= Beginning of Section =

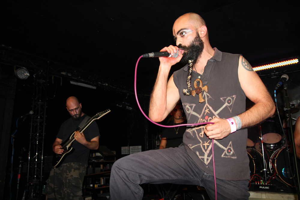 Now comes an example of what I was talking about regarding musical authenticity whilst slating Whispered yesterday. Scarab are the real deal, they are (nearly all) from Egypt and meld ethnic melodies with battering death metal. They had proved commendable at Bloodstock a couple of years ago and on recent album Serpents Of The Nile. In this small venue they really took our heads off. It felt like word had spread about the band from the land of the Sphinx too considering the reaction they got. The arid heat from the bands brutal inferno scorches those down at the front and the whirlwind precision is comparable to uncorking a Djinn from a bottle, all we can do is dig in and weather the storm. Their message is not one of hate, vocalist Sammy calls out a message of freedom, something not particularly prevalent in their home country as witnessed by anyone following the extreme music scene there. The melodies are brilliant, the keyboard player really transporting us off to another place and even better is seeing the pit kick up and the band getting the reaction they deserve. Band of the weekend for me without a shadow of a doubt.
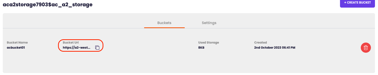 Copy the bucket URL the only thing needed will be the "region.americancloud.com" for the endpoint
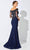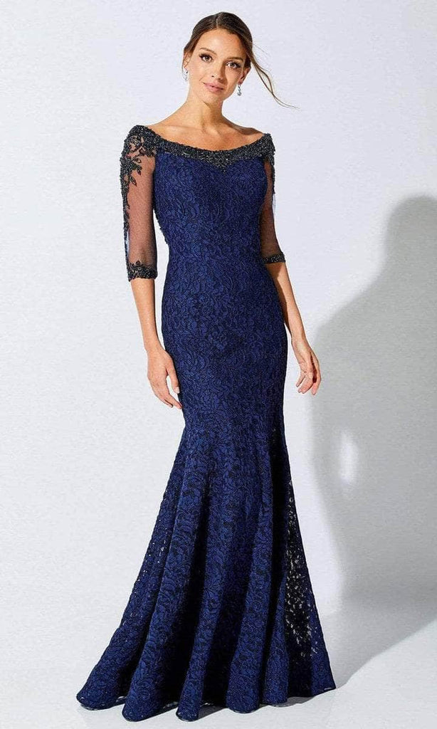 This dress highlights a bateau neckline supported by half sleeves in a fitted, beaded and lace bodice. The skirt reveals a trumpet silhouette while the back shows a mid-open back with back zipper closure to complete the look. Model is wearing Navy Blue color.

= End of Section =

INSTRUCTIONS TO FOLLOW
Exclude every picture and restate the listing word for word.

WRITTEN SOLUTION
 Now comes an example of what I was talking about regarding musical authenticity whilst slating Whispered yesterday. Scarab are the real deal, they are (nearly all) from Egypt and meld ethnic melodies with battering death metal. They had proved commendable at Bloodstock a couple of years ago and on recent album Serpents Of The Nile. In this small venue they really took our heads off. It felt like word had spread about the band from the land of the Sphinx too considering the reaction they got. The arid heat from the bands brutal inferno scorches those down at the front and the whirlwind precision is comparable to uncorking a Djinn from a bottle, all we can do is dig in and weather the storm. Their message is not one of hate, vocalist Sammy calls out a message of freedom, something not particularly prevalent in their home country as witnessed by anyone following the extreme music scene there. The melodies are brilliant, the keyboard player really transporting us off to another place and even better is seeing the pit kick up and the band getting the reaction they deserve. Band of the weekend for me without a shadow of a doubt.
 Copy the bucket URL the only thing needed will be the "region.americancloud.com" for the endpoint
 This dress highlights a bateau neckline supported by half sleeves in a fitted, beaded and lace bodice. The skirt reveals a trumpet silhouette while the back shows a mid-open back with back zipper closure to complete the look. Model is wearing Navy Blue color.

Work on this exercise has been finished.